Поселок, который они основали, назывался Муостах — по названию мыса. Там стояли два якутских чума. Жили приезжие в брезентовых палатках по восемьдесят человек. Топили «буржуйку». Каждые два часа менялся дежурный около нее.


Изо дня в день, из месяца в месяц: невод, носилки, скрипучие сходни. И рыба, рыба скользкая, мокрая, тяжелая — до изнеможения.


Как ждали они писем из дому! Пароход с Большой земли привозил почту раз в три месяца, а то и реже. Выстраивалась очередь: каждый ждал весточку из дома с надеждой, с тревогой.


Помнит и поныне Измухан Айтмуханов, участник «тиксинского похода», как получил то самое письмо Галым Кошкумбаев. Обычно все письма читали вместе, обсуждали, делились новостями, как куском хлеба. А тут он пробежал первые строки, плечи опустил. Закрыл глаза руками.

Ушла к другому жена. А сына подбросила его родителям.


Галым поклялся, что никогда больше не поверит ни единому слову женщины.


Сухая, выжженная земля оживет, если прольется на нее несколько капель дождя. Погаснувшее сердце отзовется, если согреть его теплым взглядом, невзначай оброненной улыбкой, добрым словом. Но у них все было иначе. Галым и не думал об этой худенькой девчонке из Ленинграда как о своей подруге. Просто жалко было ее. Старается изо всех сил, а не получается. И он сказал ей: «Будешь стоять рядом со мной, учись невод выбирать, а то ведь ты только ладони зря рвешь...»


Галым и Аня с тех пор не расставались. Однажды он сказал ей: «Айналайн», принес стакан морошки...

Галым объяснил позже: «айналайн» у него на родине называют любимых. Это значит дословно «вокруг тебя». Мужчина как бы обещает посвятить возлюбленной свою жизнь, возвести вокруг нее удивительный мир.


Непросто далось им обоим это решение. Сможет ли она стать хорошей матерью неродному сыну?
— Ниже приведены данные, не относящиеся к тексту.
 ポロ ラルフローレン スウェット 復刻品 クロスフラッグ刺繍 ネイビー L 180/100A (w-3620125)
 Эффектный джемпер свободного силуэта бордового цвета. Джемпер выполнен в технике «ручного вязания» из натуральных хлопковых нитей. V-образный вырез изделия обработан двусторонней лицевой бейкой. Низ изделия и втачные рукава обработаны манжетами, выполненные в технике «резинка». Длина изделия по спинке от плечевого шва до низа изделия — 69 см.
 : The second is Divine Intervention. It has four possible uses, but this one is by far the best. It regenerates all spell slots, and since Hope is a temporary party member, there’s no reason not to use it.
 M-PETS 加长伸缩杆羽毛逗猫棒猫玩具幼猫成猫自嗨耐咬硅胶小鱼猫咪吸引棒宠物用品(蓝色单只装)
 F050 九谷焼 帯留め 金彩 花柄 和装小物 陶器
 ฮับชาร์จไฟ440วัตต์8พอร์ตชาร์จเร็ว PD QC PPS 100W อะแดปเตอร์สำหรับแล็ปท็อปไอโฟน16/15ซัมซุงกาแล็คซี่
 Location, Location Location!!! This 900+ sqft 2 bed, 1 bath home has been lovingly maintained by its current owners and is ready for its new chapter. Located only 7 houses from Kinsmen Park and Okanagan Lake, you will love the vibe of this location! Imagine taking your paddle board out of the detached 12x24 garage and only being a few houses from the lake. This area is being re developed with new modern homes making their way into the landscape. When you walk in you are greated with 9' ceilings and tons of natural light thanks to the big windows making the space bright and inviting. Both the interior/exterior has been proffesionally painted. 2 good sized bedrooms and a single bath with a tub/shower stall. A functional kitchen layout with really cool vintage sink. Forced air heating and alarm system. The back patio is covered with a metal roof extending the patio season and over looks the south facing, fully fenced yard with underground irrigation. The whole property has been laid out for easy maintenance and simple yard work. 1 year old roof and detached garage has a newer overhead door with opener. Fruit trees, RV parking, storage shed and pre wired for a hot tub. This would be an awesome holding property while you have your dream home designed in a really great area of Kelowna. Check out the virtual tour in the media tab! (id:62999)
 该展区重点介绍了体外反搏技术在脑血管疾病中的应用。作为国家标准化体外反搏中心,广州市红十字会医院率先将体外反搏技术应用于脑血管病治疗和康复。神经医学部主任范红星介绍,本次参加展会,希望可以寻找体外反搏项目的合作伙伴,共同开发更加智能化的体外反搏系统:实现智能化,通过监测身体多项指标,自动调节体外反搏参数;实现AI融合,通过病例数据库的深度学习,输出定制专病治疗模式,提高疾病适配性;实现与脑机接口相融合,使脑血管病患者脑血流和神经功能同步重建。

А доброй невесткой? Сможет ли перенять обычаи далекого народа? Да и Ане нелегко было согласиться уехать в степь, в глушь, какой была тогда Гурьевская область. Да не главное все это! Пусть она не знает казахского языка, но есть язык, которому не нужен переводчик: доброта, нежность.


Галым привез ее в родной колхоз. Она постепенно привыкала к незнакомой жизни. Ветра здесь были злые, с песком пополам. Но и другой открывалась ей степь — душистой, тюльпанной...


Не было в поселке ни деревца, а родилась дочь — и Аня посадила яблоню. Когда уезжали из поселка (в море запретили ловить осетровых, и рыбаки переселились в устье Урала), около дома Кошкумбаевых стояли еще четыре карагача.

Четверых сыновей подарила Аня мужу-рыбаку и двух дочерей. Часто вспоминали вместе Тикси, свинцовую Лену, тяжелый невод и... стакан морошки.


Аня стала Галыму надежной женой. Выходила с ним в море на паруснике. И потом на Урале-реке, пока были силы, ни одной путины не пропустила — тянула невод, обрабатывала рыбу, чинила


Все говорят, отец Галыма был нрава строгого, решительного. Но сказали мне односельчане—самой любимой невесткой считал старый Кошкумбай жену Галыма. Как за родным отцом ухаживала, и все с улыбкой, с доброй приговоркой. Да и с сыном Галыма Маданиятом нашла общий язык. Потянулся мальчишка к доброй, хотя и неродной маме. И никто не посмел назвать ее мачехой...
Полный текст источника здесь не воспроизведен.